Do they want United Nations sanctions against Afghanistan? That’s what many “peace” protesters demanded against Iraq, following Saddam Hussein’s invasion of the family-owned oil sheikdom of Kuwait in 1980. And they got them. UN sanctions were the stepping stone to the Persian Gulf War, and they have continued ever since, condemning a generation of Iraqis to misery, disease and death. Revolutionaries defended Iraq and Yugoslavia against imperialist attacks, while giving no political support to their murderous, anti-communist leaders. Today it is the duty of all class-conscious workers and socialists to defend Afghanistan, Iraq and all those countries under attack by U.S. imperialism, at the same time as we fight for socialist revolution to overthrow their bloody rulers, most of whom are former allies and flunkeys of Washington.

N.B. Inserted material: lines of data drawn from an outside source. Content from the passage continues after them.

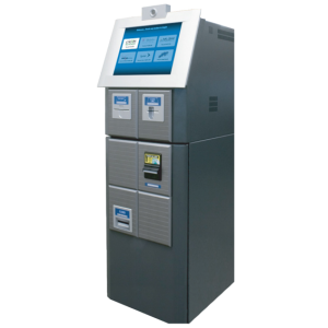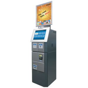 Genmega GK1000 Bill Payment Kiosk with TIO Bill Payment Solution. Touch screen Color LCD, Magnetic Card Reader, Receipt Printer, Bill Acceptor, and High Brightness Topper.
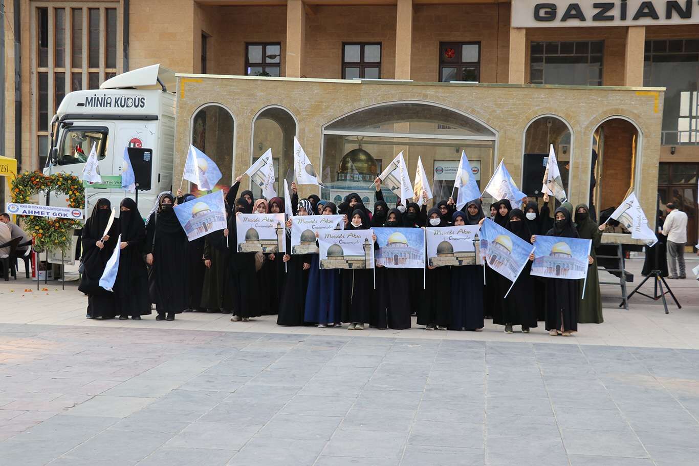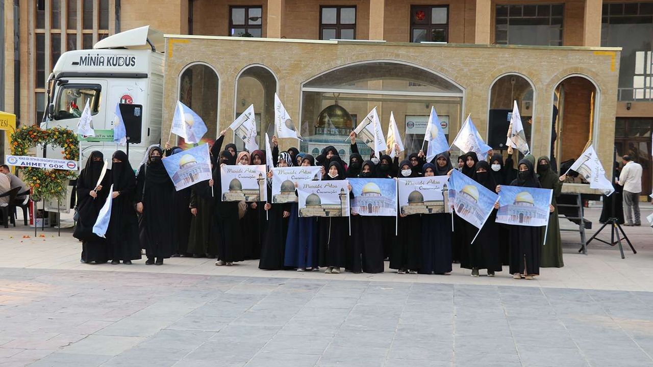 Minia Kudüs tırı halktan yoğun ilgi gördü
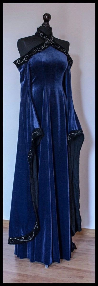 NiceVestidos--Blue velvet medieval-style gown NV5753
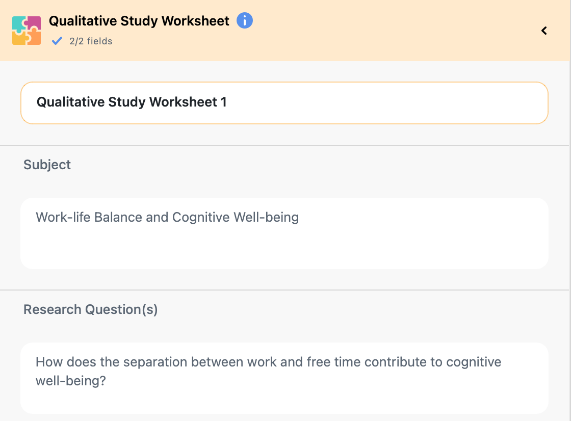 Qualitative Study Worksheets are designed to help you organize and synthesize findings from your qualitative research. They provide a focused space where you can collect coded segments, memos, visuals, and analysis results related to a specific topic or research question. Use these worksheets to explore themes, develop insights on your questions, and develop hypotheses and theories.
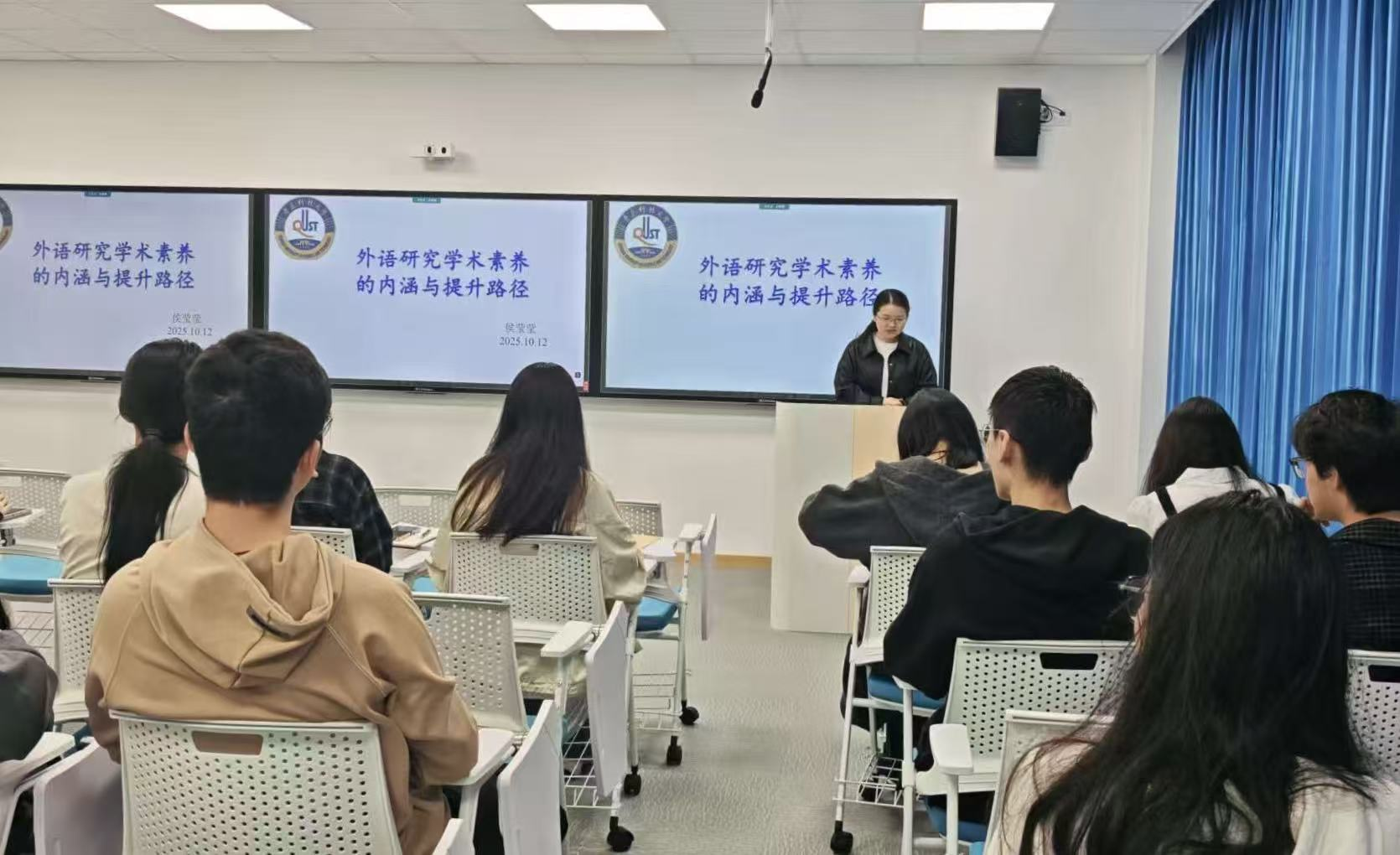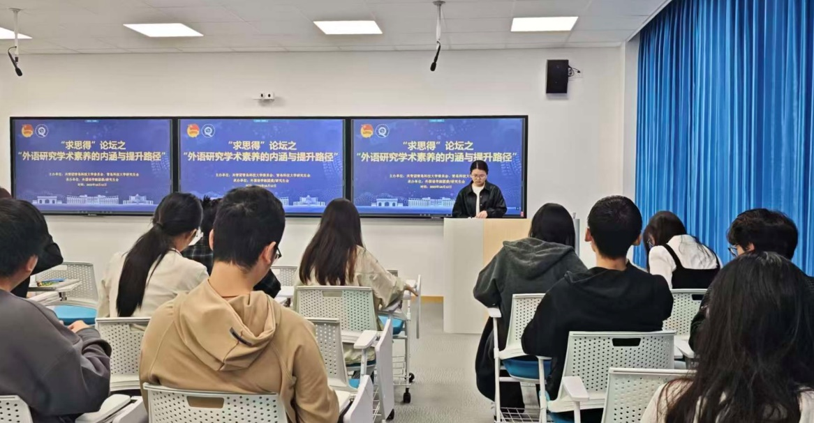 为进一步提升研究生的学术素养与科研能力,拓宽外语学科研究视野,近日,外国语学院研究生会举办“外语研究学术素养的内涵与提升路径”求思得学术论坛。本次求思得论坛由翻译学博士侯莹莹老师主讲,学院60余名学生参加论坛。
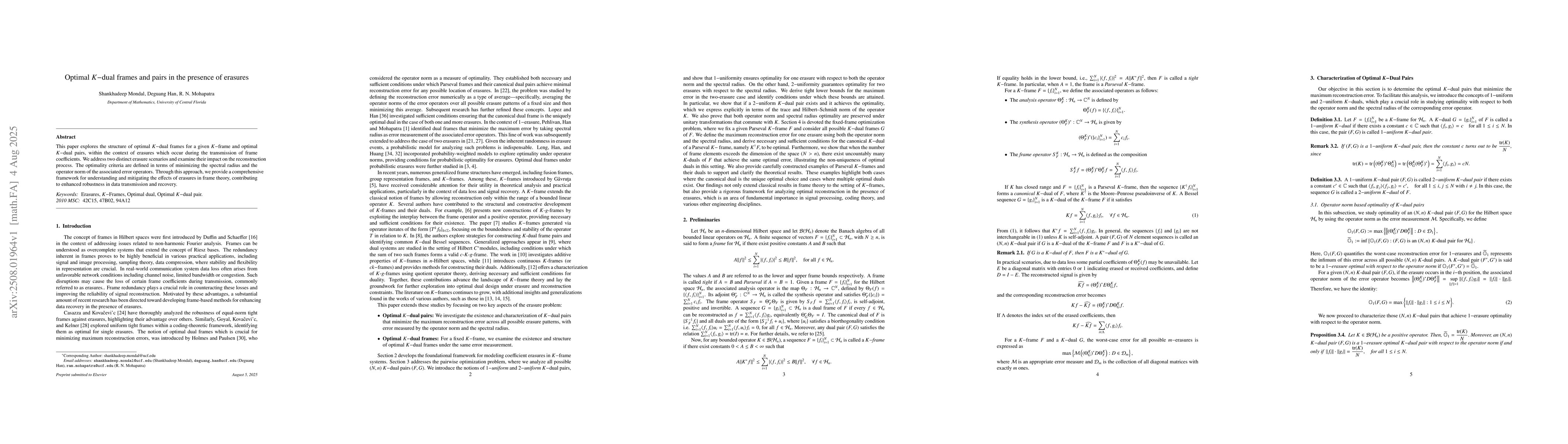 This paper explores the structure of optimal K-dual frames for a given K-frame and optimal K-dual pairs, within the context of erasures which occur during the transmission of frame coefficients. We address two distinct erasure scenarios and examine their impact on the reconstruction process. The optimality criteria are defined in terms of minimizing the spectral radius and the operator norm of the associated error operators. Through this approach, we provide a comprehensive framework for understanding and mitigating the effects of erasures in frame theory, contributing to enhanced robustness in data transmission and recovery.

  Many of the organizers of today’s budding “peace movement” are veterans of earlier such movements over the Persian Gulf War and the Vietnam War. If they seek to make a profession of leading antiwar movements, at least they have the promise of steady employment. For as Russian Bolshevik leader Vladimir Lenin noted in his book Imperialism: The Highest Stage of Capitalism, capitalism in its epoch of decay ceaselessly produces war and new economic crises. But as Lenin also remarked, imperialism is the epoch of wars and revolutions. The key is forging a proletarian revolutionary leadership.

Labor Under the Gun in Capitalist Economic Crisis

The September 11 WTC attack had an immediate effect on the U.S. economy. From the minute the opening bell sounded at the New York Stock Exchange on Monday, September 17, prices of shares in leading corporations plunged. It was the worst-ever point loss on the Dow Jones stock index and by the week’s end the accumulated stock market losses added up to a drop of 14 percent, the worst week since the depths of the 1930s Great Depression. In five days over $1.2 trillion in paper wealth was wiped out, quite a chunk in a capitalist economy for which the drive to accumulate “shareholder value” is the word of Moses and the prophets.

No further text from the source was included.